Entusiasmado pelas performances entusiasmadas dos escritores populares, pela encenação do que um dia chamou de “teatro do áspero e do sertão”, fez do trabalho, de qualquer forma de trabalho, um duelo e uma alegria, tal qual os personagens de suas criações.
Completamente fascinado pelas aventuras, disputas e mistérios que estruturam as narrativas de cordel, encontrou nessa forma de literatura um potente paralelo com sua própria vida. Uma vida de lutas e desafios contínuos, onde a sobrevivência ocupa lugar mediano.
Se, por um lado, podemos ver sua intensa produção uma vez que resultado desse entendimento da vida uma vez que luta sem termo, por outro vemos que sua obra amplia os sentidos da teoria de luta, para além das contendas e dos conflitos.
Não que eles inexistam. Ao contrário, foram inspirações de muitas histórias. Mas Borges parece nunca ter desviado dos problemas, fazendo deles fomento para o encontro de soluções. Sua primeira xilogravura, por exemplo, nasce da dificuldade em obter matrizes para as capas de suas histórias.
Seu mergulho nesse universo criativo nos faz refletir sobre uma vez que a inspiração pode estar relacionada, visceralmente, também à questão de sobrevivência: sempre foi um grande instituidor, referto de imaginação e talento.
Mas a falta de verba, a urgência de nutrir os numerosos filhos —18 próprios e seis adotados—, os pedidos e desafios propostos pelos “clientes”, o levaram a explorar qualquer tipo de tema sem perder suas características próprias. A tudo encarou com robustez inusitada.
Suas gravuras impressionaram Ariano Suassuna, que se tornou um grande divulgador de sua produção e o chamou de melhor gravador popular do Nordeste. Esse encontro foi fundamental na vida do artista, pois despertou o interesse pátrio e internacional por sua obra.
Viajou para mais de 15 países, fez exposições e deu aulas. Em 2000, expôs no Louvre, em Paris, e em 2002, foi destaque no New York Times. Com Eduardo Galeano trabalhou por quase dois anos, quando ilustrou um livro, a partir das narrativas do plumitivo uruguaio.

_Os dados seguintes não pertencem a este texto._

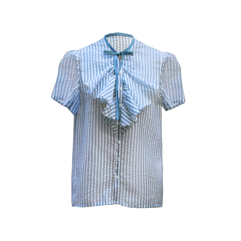 Symmetrical ruffle applied to the neck, in stripe yarn dyed cotton, silk and polyester mix. Crew neck bordered with front fastening ribbon in the same fabric. Natural mother of pearl buttons.
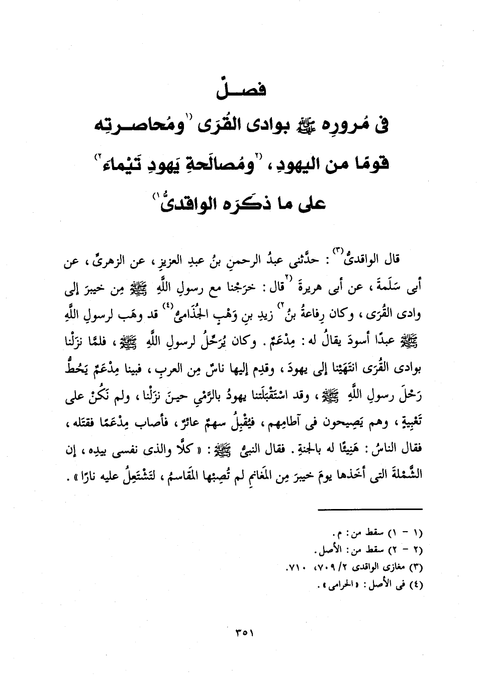 فَصْلٌ فِي مُرُورِهِ صَلَّى اللَّهُ عَلَيْهِ وَسَلَّمَ بِوَادِي الْقُرَى وَمُحَاصَرَتِهِ قَوْمًا مِنَ الْيَهُودِ، وَمُصَالَحَةِ يَهُودِ تَيْمَاءَ عَلَى مَا ذَكَرَهُ الْوَاقِدِيُّ
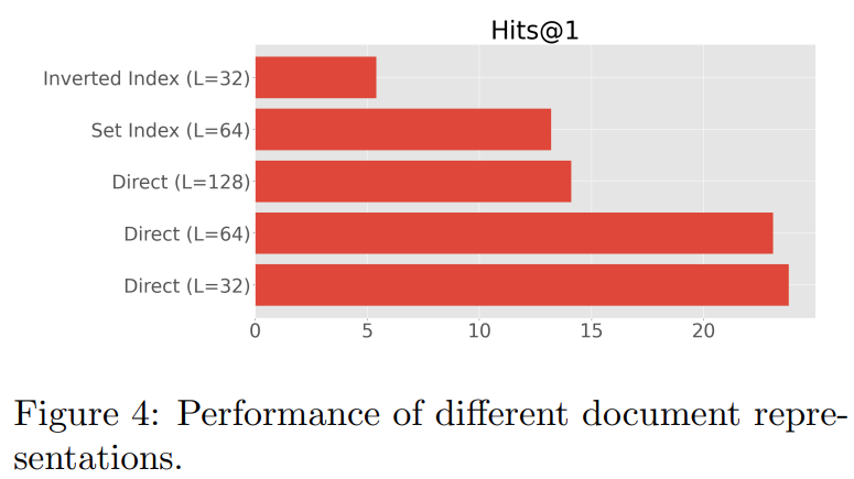 下图 4 给出了 NQ320K 上的结果。总的来说,研究者发现直接索引方法效果最好,并且由于 docid 反复暴露于不同的 token,因此很难训练倒排索引( inverted index)方法。他们还发现,较短的文档长度似乎在性能大幅下降超过 64 个 token 时效果很好,这表明当存在大量文档 token 时,可能更难优化或有效记忆。最后,研究者还发现对文档 token 应用集合处理或停用词预处理没有额外的优势。
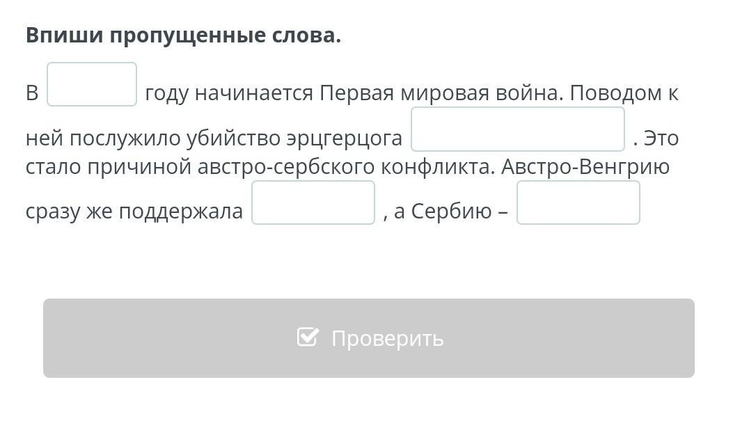 В 1916 году начинается Первая мировая война. Поводом к ней послужило убийство эрцгерцога Франца Фердинанд а (правильно напишите имя, неправильно написала и провалила задание). Это стало причиной австро-сербского конфликта. Австро-Венгрию сразу же поддержала Германия , а Сербию – Россия.
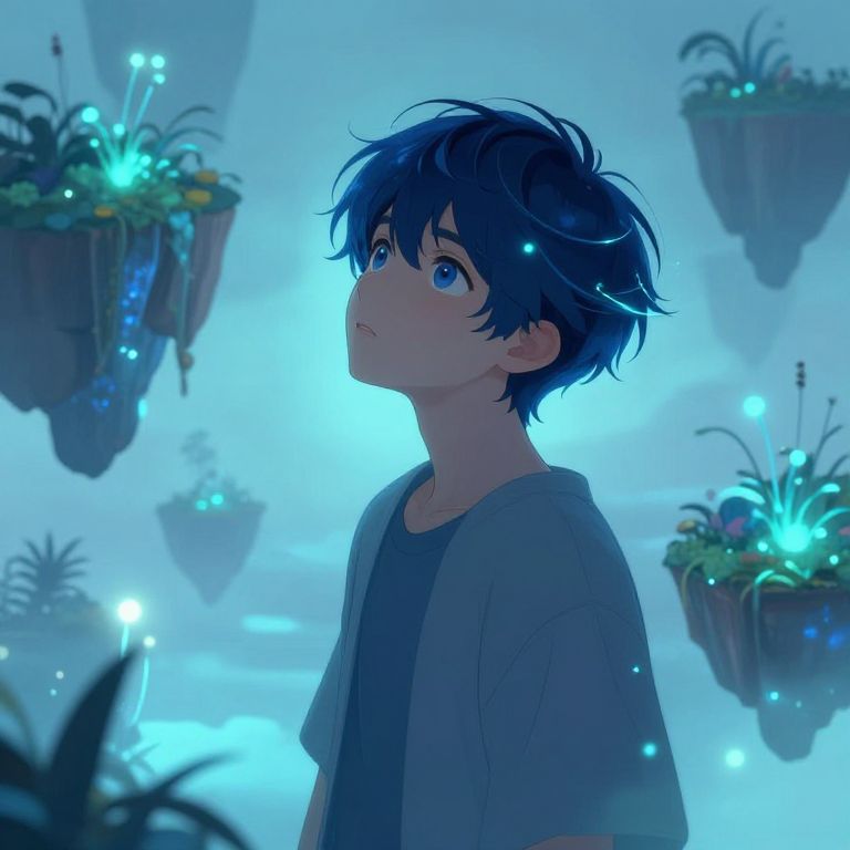 Digital anime-style artwork of a glowing, pixelated bottle with colorful sparks, floating in front of a blue-haired, wide-eyed boy in a dark background
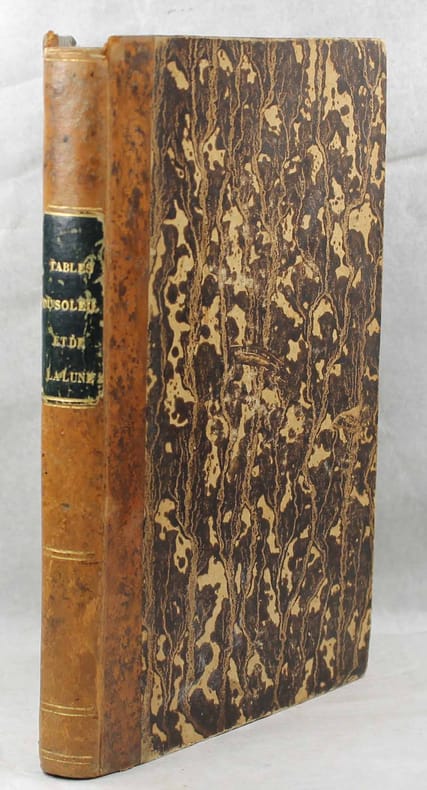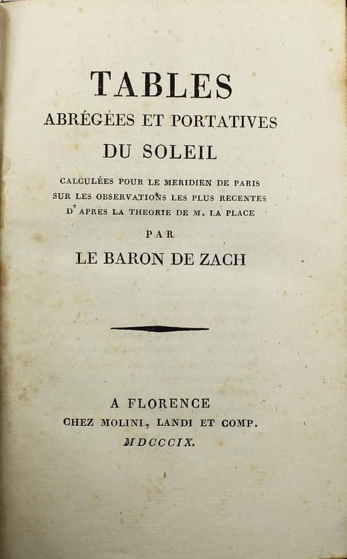 Edition originale. Ces tables portatives sont celles que l'auteur a publiées à Gotha 1792 et 1804. Mais elles sont revues, corrigées et réduites pour satisfaire "l'astronome voyageur". Astronome du Duc Ernst II de Saxe-Cobourg jusqu'en 1806, Zach séjourna en Italie avec la Duchesse de Saxe-Cobourg et publia ces deux ouvrages durant son séjour à Florence. Coiffe rognée, une piqûre de vers sur les 15 derniers feuillets sans dommage pour la lisibilité. Timbre sec de "L. J. Beauval, géomètre" qui a écrit quelques notes dans les marges. /// In-8 de VII, 67, (3) / XIV, 80 pp. Demi-basane fauve, dos orné. (Reliure de l'époque.) ////
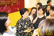 陳太昨日亦成為一眾小朋友的偶像,兩位小五學生林洋洋及陳伽泓,會後不惜鑽入十多名記者堆中,索取陳太的簽名,最後如願以償。兩人歡喜地向記者展示「戰利品」,同聲表示「捨不得陳太」。
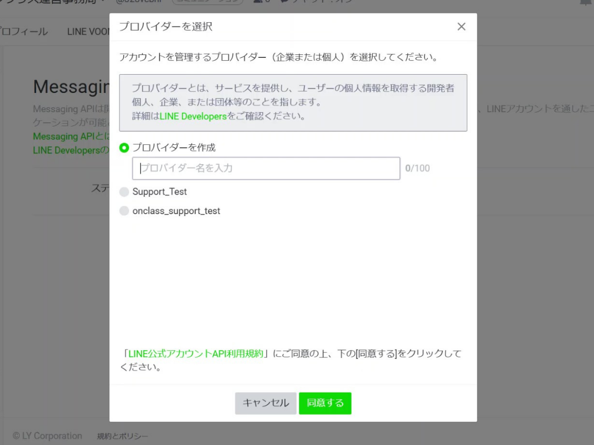 ・既に作成したプロバイダーがある場合はプロバイダー名が表示されます。表示されたプロバイダーからMessaging APIを利用するプロバイダーを選択してください。
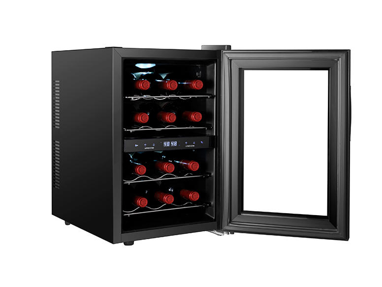 Wine cooler, thermoelectric cooling, 12 bottle capacity, Air cooling, compact size, table top, Ultra silent, Price cheap, dual zone, independent temp control, Gift of Choice

Ilustrou um raconto de José Saramago. Sua gravura da Sagrada Família foi presenteada pelo presidente Luiz Inácio Lula da Silva ao papa Francisco, em 2023. E, em 29 de junho, inaugurou no Museu do Pontal sua mais extensa retrospectiva, com 200 obras, contando um pouco da sua trajetória de 60 anos de produção artística.
Recebia os estudantes e os turistas em seu ateliê, falando sobre a relevância de buscar a felicidade, e, com isso, não era piegas. Exclusivamente queria transmitir sua experiência de varão pleno, dos quais trabalho deu sentido à própria vida. Refletiu lindamente sobre a arte: “O sentido do artista é a geração. Paladar muito da liberdade de trabalhar criando o que me satisfaz. A arte dá liberdade ao pensamento humano, alimenta o espírito.”
Tomar contato com a produção de J. Borges é entrar na dimensão fantástica da imaginação, com toda sua dificuldade e singeleza. Borges apresenta o seu mundo vivido, ladino, observado. Sua obra pautou o imaginário brasiliano sobre xilogravura.
Quando pensamos sobre essa arte milenar, nos vêm à mente as criações de J. Borges. Esse Sol do sertão, que nunca se apagará.